__WORK REQUEST__: Beginning with the line where "在游戏里,玩家可操控地震、龙" appears, restate each line word for word until the data ends. Pictures do not go in.

__DATASET EXTRACT__:
########
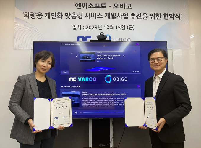 엔씨소프트는 18일 스마트카 플랫폼 전문기업 ‘오비고’와 차량용 AI 개인 맞춤형 기술 서비스 개발사업을 위한 업무협약(MOU)을 체결했다고 밝혔다.
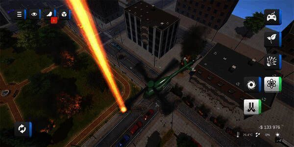 在游戏里,玩家可操控地震、龙卷风、核武器、外星飞船等多种史诗级灾难对城市展开破坏,能自由挑选不同灾难,肆意释放内心负面情绪。玩家还能自主设置城市天气(如晴天、雨天、雪天等)和景色,掌控城市氛围。
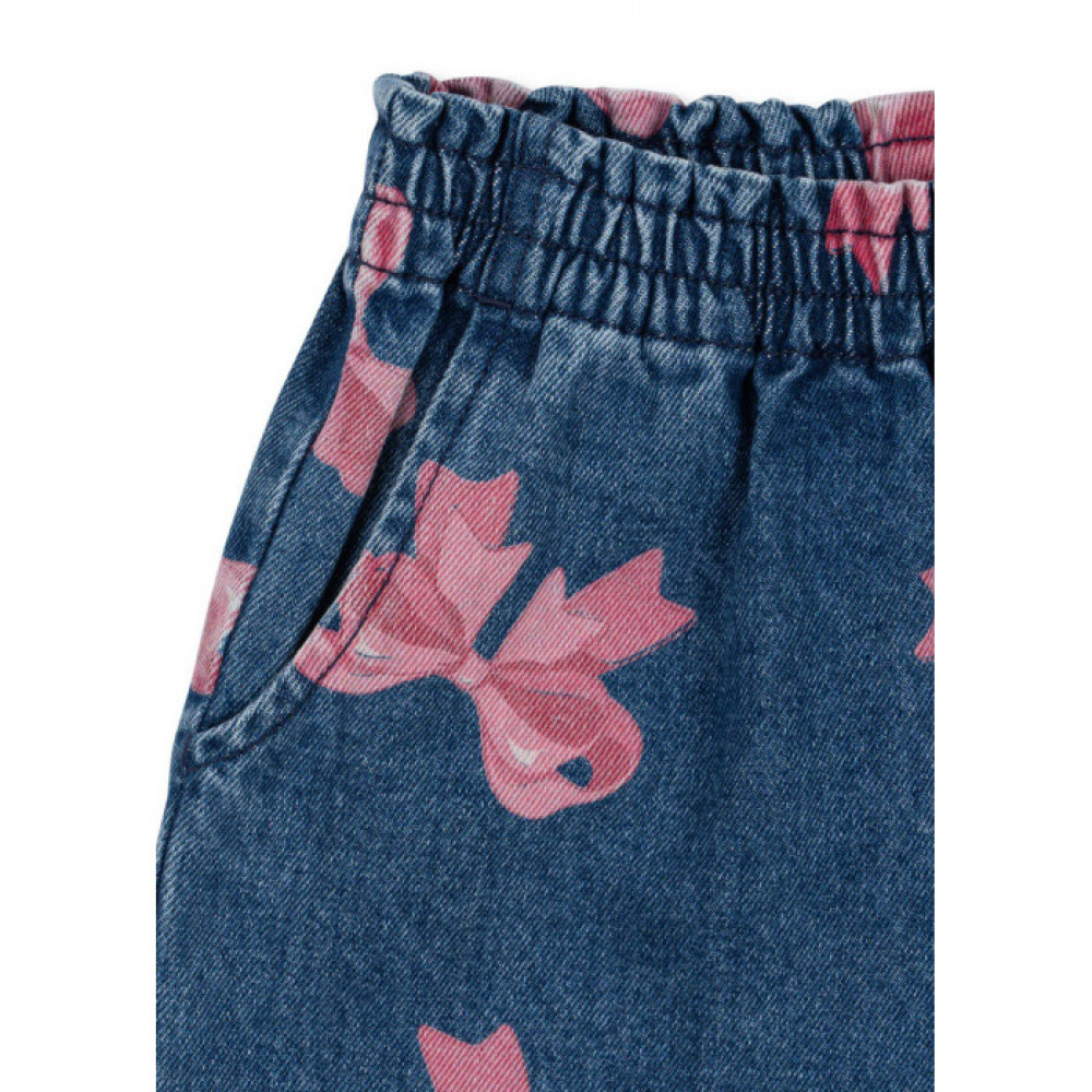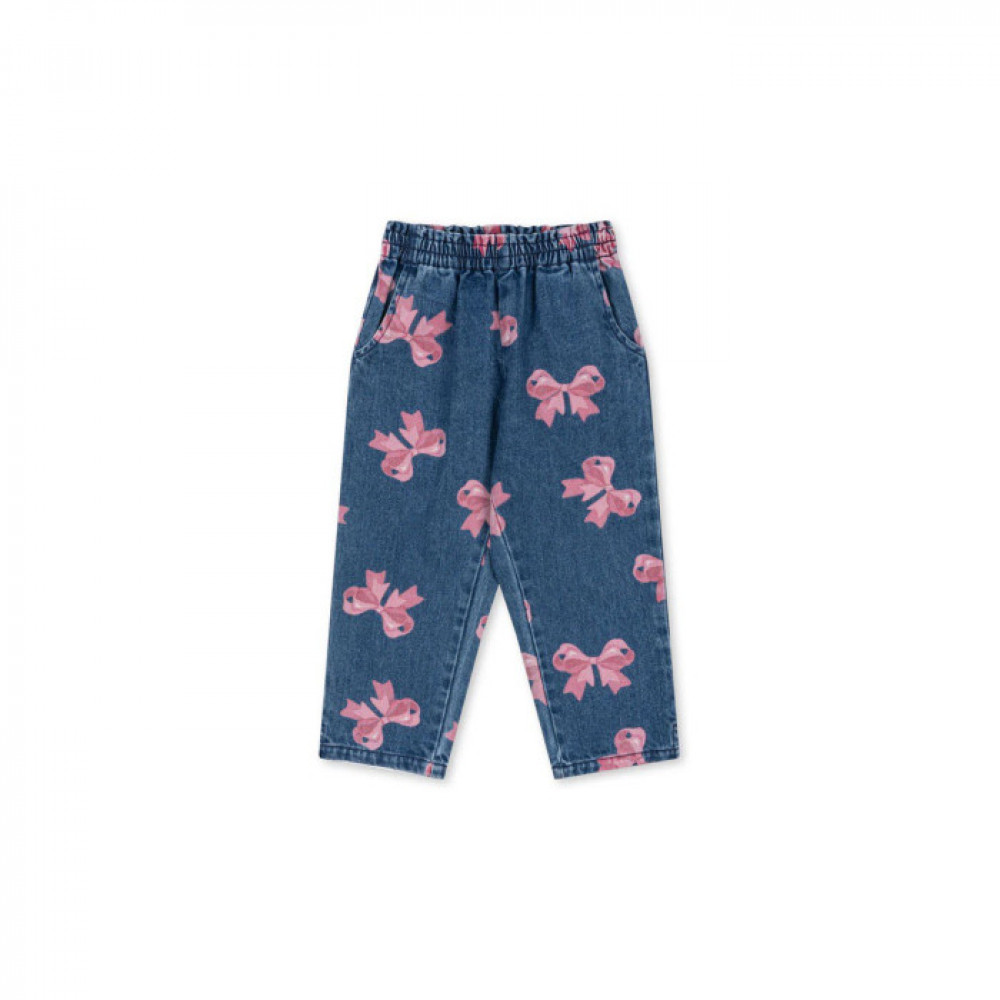 Soft denim pants with an elastic waist. Washing instructions: Please wash product separately, as it may bleed colour.
########
__TASK RESULT__:
 在游戏里,玩家可操控地震、龙卷风、核武器、外星飞船等多种史诗级灾难对城市展开破坏,能自由挑选不同灾难,肆意释放内心负面情绪。玩家还能自主设置城市天气(如晴天、雨天、雪天等)和景色,掌控城市氛围。
 Soft denim pants with an elastic waist. Washing instructions: Please wash product separately, as it may bleed colour.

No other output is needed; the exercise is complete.